Action item: Repeat the data in full and exactly. Leave the pictures out.

Collected material:
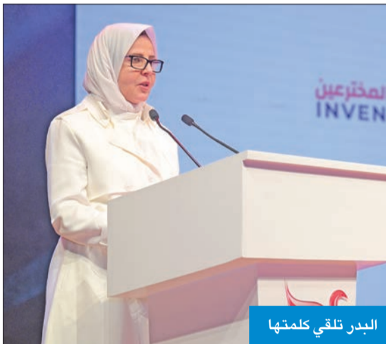
البدر تلقي كلمتها

الجدير ذكره أن «مختبر المخترعين Inventors Lab» تم تأسيسه من قبل مجموعة من خريجات الهندسة في AUM فقد نشأ شغفهن في نادي الروبوتات في AUM حيث تم تدريبهن وصقل مواهبهن، فعملن بعد التخرج على نقل هذا الشغف إلى أطفال وشباب الكويت، بهدف خلق فرص للتدريب لتحقيق الإبتكار والريادة، وفتح آفاق جديدة أمام اختراعاتهم وإبداعاتهم، إضافة إلى تشجيع العقول المميّزة على التفكير في بيئة عمل تفاعلية تتسم بالإبداع والحدّيات. هذا، وتحرض AUM على تحفيز المواهب الطلابية وتشجيعهم على التطوير والابتكار لكي يتمكنوا من القيام بالمبادرات ودخول قطاع الأعمال. كما أن تنظيم مثل هذه النشاطات يساهم في خلق التوعية لدى الطلاب، ونشر ثقافة ريادة الأعمال بينهم، وتوجيههم نحو عالم الأعمال وإعداد خطط المشاريع، وما يلزمها من دراسات جدوى وتسويق وإدارة.
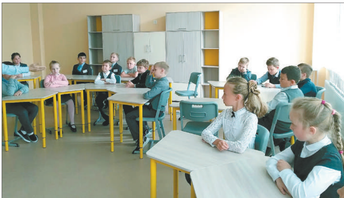
В 2020 году образовательные услуги получали более 81 тысячи человек в 165 образовательных учреждениях.

Все выпускники 9-х и 11-х классов получили аттестат. 205 выпускников 9-х классов получили аттестат особого образца. 152 выпускника 11-х классов получили медаль «За особые успехи в

Output for this task:
البدر تلقي كلمتها

الجدير ذكره أن «مختبر المخترعين Inventors Lab» تم تأسيسه من قبل مجموعة من خريجات الهندسة في AUM فقد نشأ شغفهن في نادي الروبوتات في AUM حيث تم تدريبهن وصقل مواهبهن، فعملن بعد التخرج على نقل هذا الشغف إلى أطفال وشباب الكويت، بهدف خلق فرص للتدريب لتحقيق الإبتكار والريادة، وفتح آفاق جديدة أمام اختراعاتهم وإبداعاتهم، إضافة إلى تشجيع العقول المميّزة على التفكير في بيئة عمل تفاعلية تتسم بالإبداع والحدّيات. هذا، وتحرض AUM على تحفيز المواهب الطلابية وتشجيعهم على التطوير والابتكار لكي يتمكنوا من القيام بالمبادرات ودخول قطاع الأعمال. كما أن تنظيم مثل هذه النشاطات يساهم في خلق التوعية لدى الطلاب، ونشر ثقافة ريادة الأعمال بينهم، وتوجيههم نحو عالم الأعمال وإعداد خطط المشاريع، وما يلزمها من دراسات جدوى وتسويق وإدارة.
В 2020 году образовательные услуги получали более 81 тысячи человек в 165 образовательных учреждениях.

Все выпускники 9-х и 11-х классов получили аттестат. 205 выпускников 9-х классов получили аттестат особого образца. 152 выпускника 11-х классов получили медаль «За особые успехи в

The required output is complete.